Mission: Impossible III

MISSION: IMPOSSIBLE III (J.J. Abrams, 2006)

In MISSION: IMPOSSIBLE III IMF agent Ethan Hunt (Tom Cruise) gives up field work for training new agents and intends to settle down with his fiancĂ© Julia (Michelle Monaghan). Ethan returns to active duty when he receives word that his pupil Lindsey (Keri Russell) has been captured. The rescue mission puts him in pursuit of Owen Davian (Philip Seymour Hoffman), an international information and weapons trader. Owen plans to sell some secret and presumably catastrophic technology referred to as "the rabbit’s foot", and it’s up to Ethan and his team to stop him. They interfere with the initial transaction, but Owen escapes and threatens to abduct and kill Julia for Ethan’s actions.
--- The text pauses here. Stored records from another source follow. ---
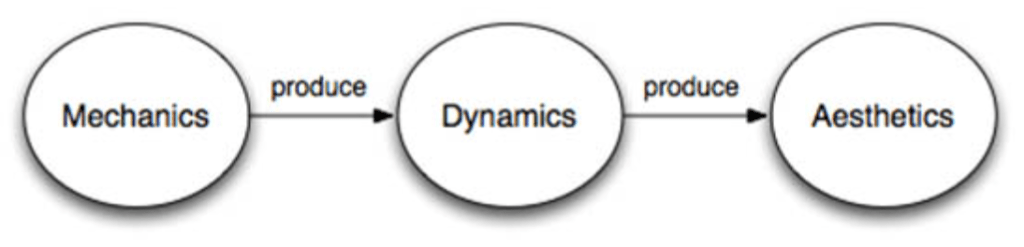 ‘Mechanics describes the particular components of the game, at the level of data representation and algorithms. Dynamics describes the run-time behaviour of the mechanics acting on player inputs and each others outputs over time. Aesthetics describes the desirable emotional responses evoked in the player, when they interact with the game system’
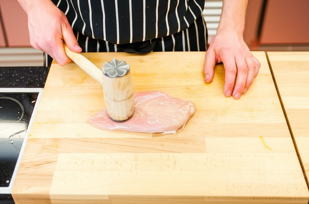 Mięso oczyść z błonek i delikatnie rozbij tłuczkiem, by miało grubość nie większą niż 2 cm.
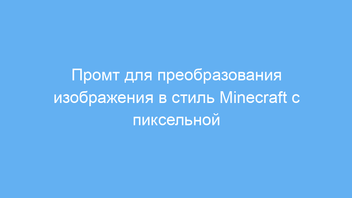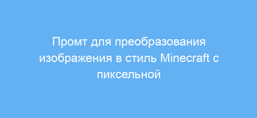 Промт работает с нейросетью, которая по загруженной фотографии восстанавливает объекты и детали в стиле Minecraft, применяя кубическую геометрию и пикселизацию. Пользователь может указать желаемый фон (биом), что добавляет дополнительную атмосферу и позволяет подстроить итог к тематике.

Director and co-writer J.J. Abrams is co-creator and executive producer of ALIAS and LOST. With MISSION: IMPOSSIBLE III he has essentially designed the most expensive episode of ALIAS ever made. Those familiar with the show will recognize his spy series’ style at work from the beginning. The pre-credits cliffhanger finds Ethan in a terrible jam that won’t be revisited until three-quarters through the film. Abrams uses genre to dress up character-based stories, so what he adds is some humanity to Ethan. The super-spy may be saving the world, but he’s also trying to save his world, one in which love of and trust in a woman are the only secure things in his life.

Abrams is also well versed in detailing complicated spy missions. In M:i:III he whisks Ethan to Berlin, Vatican City, and Shanghai and has him attempt such seemingly impossible stunts as infiltrating the Pope’s residence, using a fulcrum to swing from one skyscraper to the top of its highly guarded neighbor, and surviving missiles fired at him on a bridge. M:i:III is swiftly paced. It zips from one action setpiece to the next, which tops what we’ve just seen.
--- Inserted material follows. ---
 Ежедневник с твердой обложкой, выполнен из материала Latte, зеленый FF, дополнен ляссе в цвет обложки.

Abrams also injects a nice dose of humor into the film. Simon Pegg of SHAUN OF THE DEAD adds comic relief as the office tech expert not unlike ALIAS' Marshall Flinkman, and Laurence Fishburne’s crusty IMF director contributes some laughs too.

Cruise is a man possessed in the public eye, but it’s a quality that serves him well in this role. M:i:III goes at a breakneck pace, so there’s no time for him to waste. MISSION: IMPOSSIBLE III is the first out of the gates for the summer movie season, and it's an entertaining ride that delivers the thrills and outrageous stunts that are the hallmarks of this time of year at the multiplex.